▶ **Work instructions**:
Would you reproduce the whole listing exactly, minus its images?

▶ **Exercise data**:
Content starts
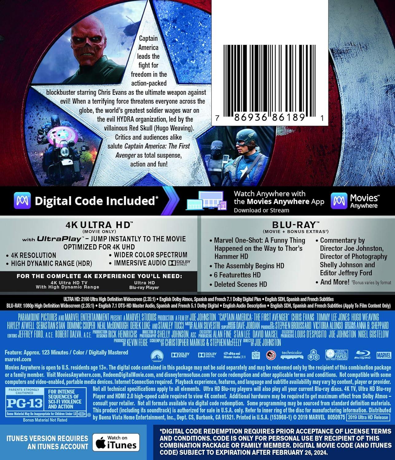 Captain America leads the fight for freedom in the action-packed blockbuster starring Chris Evans as the ultimate weapon against evil! When a terrifying force threatens everyone across the globe, the world's greatest soldier wages war on the evil HYDRA organization, led by the villainous red Skull (Hugo Weaving). Critics and audiences alike salute CAPTAIN AMERICA: THE FIRST AVENGER as total suspense, action and fun!
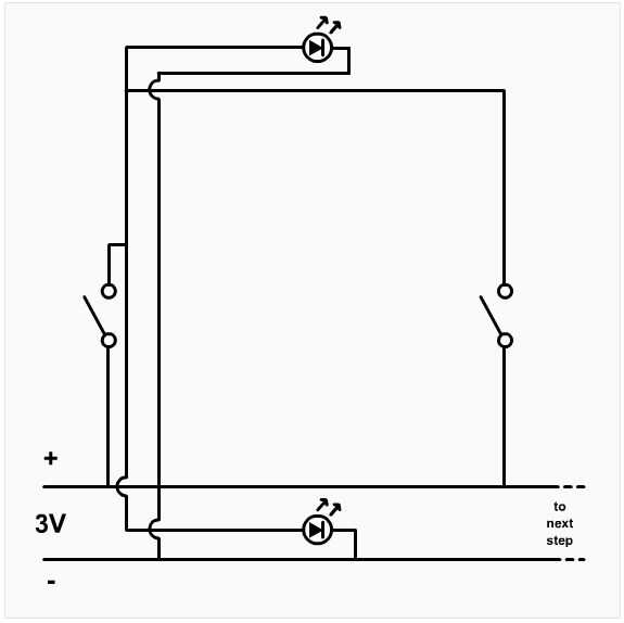 Las cosas fueron más complicadas aunque cuando he tenido que averiguar cómo funcionar el cableado para que los interruptores y las luces en los lugares deseados. Después de doblar el esquema alrededor, el circuito para cada paso se convirtieron en más complicada (segunda imagen).
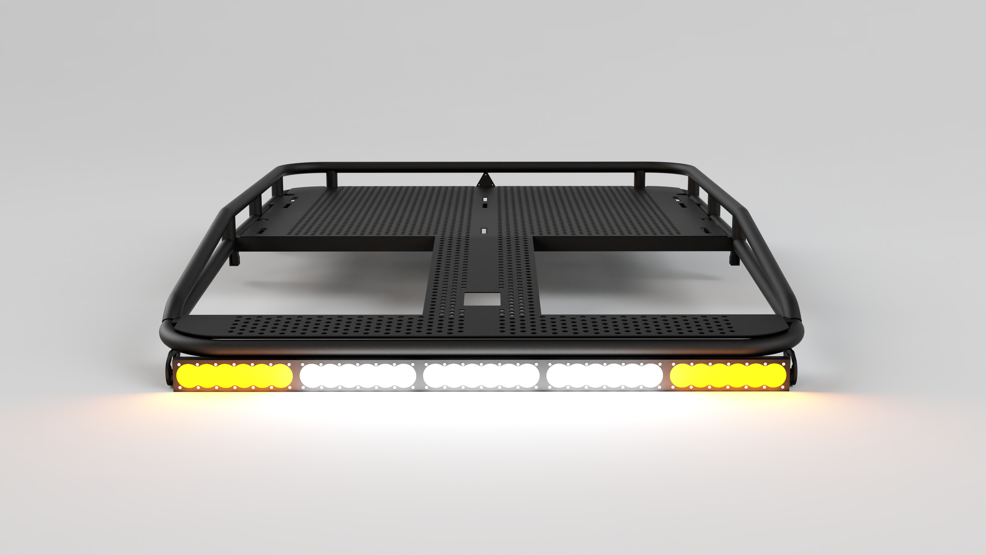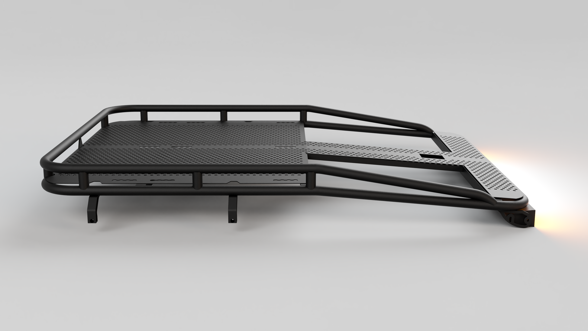 The Quartermaster Safari Rack was engineered specifically for the Ineos Grenadier Quartermaster platform.. Includes cutouts for the Ineos roof safari windows, and multiple points of integrated L track accessory points on the rack decking. Lights sold separately. Patent pending.
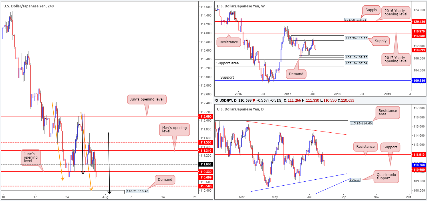 A brief look at recent dealings on the H4 chart reveals that the bulls eventually threw in the towel around the 111 handle, allowing the unit to test, and ultimately engulf, June’s opening level at 110.83. What’s also notable from a technical perspective here is the two AB=CD bullish patterns in the making (black/orange arrows). Both terminating around the top edge of a small demand base at 110.21-110.40, this area is, in our opinion, stable enough to bounce price this week since it was formed on the break of a Quasimodo left shoulder at 110.27. In addition to the Harmonics, we also like the fact that the mid-level number 110.50 is positioned directly above. A great deal of traders look to buy these levels and place stops a few pips below. By driving through this level, sell stops will be filled from both buyers looking to long and sellers looking to play the breakout, and therefore provide liquidity for the big boys to buy.
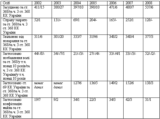 Для того, щоб отримати уявлення про існуючі сьогодні тенденції засудження за статтею 368 КК, пропонуємо ознайомитися з наступною таблицею.
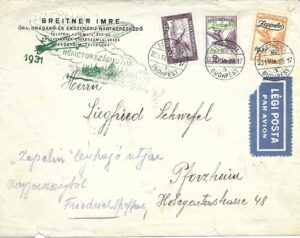 Auf die Rückfahrt ging der nächste Brief der ungarischen Post aus Budapest nach Pforzheim. Er trägt als Frankatur die zwei zu diesem Ereignis erschienenen Sonderbriefmarken Ungarns und eine weitere Briefmarke zur Ergänzung. Oben links wurde der ungarische Sonderbestätigungsstempel Type I aufgebracht.
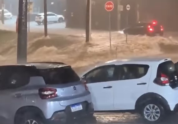 Em outras regiões da cidade, os relatos são ruas se transformando em rios e carros enfrentando a enxurrada.
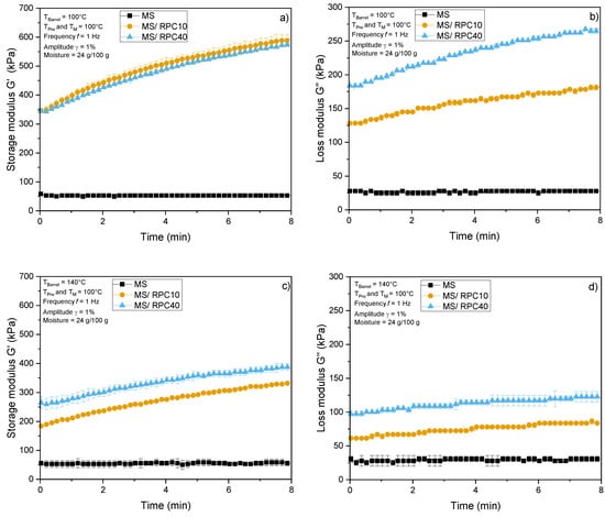 Storage modulus G’ (a,c) and loss modulus G’’ (b,d) (kPa) as a function of treatment time (min), pre-treatment and measurement temperature (TPre, TM) of maize starch (MS) and maize starch blended with 10 or 40 g/100 g (w.b.) rapeseed press cake (RPC) rehydrated to a moisture content of 24 g/100 g (d.m.). The samples were extruded at a moisture content of 24 g/100 g (d.m.) and barrel temperatures (TBarrel) of 100 or 140 °C.
Content ends
▶ **Response for this exercise**:
 Captain America leads the fight for freedom in the action-packed blockbuster starring Chris Evans as the ultimate weapon against evil! When a terrifying force threatens everyone across the globe, the world's greatest soldier wages war on the evil HYDRA organization, led by the villainous red Skull (Hugo Weaving). Critics and audiences alike salute CAPTAIN AMERICA: THE FIRST AVENGER as total suspense, action and fun!
 Las cosas fueron más complicadas aunque cuando he tenido que averiguar cómo funcionar el cableado para que los interruptores y las luces en los lugares deseados. Después de doblar el esquema alrededor, el circuito para cada paso se convirtieron en más complicada (segunda imagen).
 The Quartermaster Safari Rack was engineered specifically for the Ineos Grenadier Quartermaster platform.. Includes cutouts for the Ineos roof safari windows, and multiple points of integrated L track accessory points on the rack decking. Lights sold separately. Patent pending.
 A brief look at recent dealings on the H4 chart reveals that the bulls eventually threw in the towel around the 111 handle, allowing the unit to test, and ultimately engulf, June’s opening level at 110.83. What’s also notable from a technical perspective here is the two AB=CD bullish patterns in the making (black/orange arrows). Both terminating around the top edge of a small demand base at 110.21-110.40, this area is, in our opinion, stable enough to bounce price this week since it was formed on the break of a Quasimodo left shoulder at 110.27. In addition to the Harmonics, we also like the fact that the mid-level number 110.50 is positioned directly above. A great deal of traders look to buy these levels and place stops a few pips below. By driving through this level, sell stops will be filled from both buyers looking to long and sellers looking to play the breakout, and therefore provide liquidity for the big boys to buy.
 Для того, щоб отримати уявлення про існуючі сьогодні тенденції засудження за статтею 368 КК, пропонуємо ознайомитися з наступною таблицею.
 Auf die Rückfahrt ging der nächste Brief der ungarischen Post aus Budapest nach Pforzheim. Er trägt als Frankatur die zwei zu diesem Ereignis erschienenen Sonderbriefmarken Ungarns und eine weitere Briefmarke zur Ergänzung. Oben links wurde der ungarische Sonderbestätigungsstempel Type I aufgebracht.
 Em outras regiões da cidade, os relatos são ruas se transformando em rios e carros enfrentando a enxurrada.
 Storage modulus G’ (a,c) and loss modulus G’’ (b,d) (kPa) as a function of treatment time (min), pre-treatment and measurement temperature (TPre, TM) of maize starch (MS) and maize starch blended with 10 or 40 g/100 g (w.b.) rapeseed press cake (RPC) rehydrated to a moisture content of 24 g/100 g (d.m.). The samples were extruded at a moisture content of 24 g/100 g (d.m.) and barrel temperatures (TBarrel) of 100 or 140 °C.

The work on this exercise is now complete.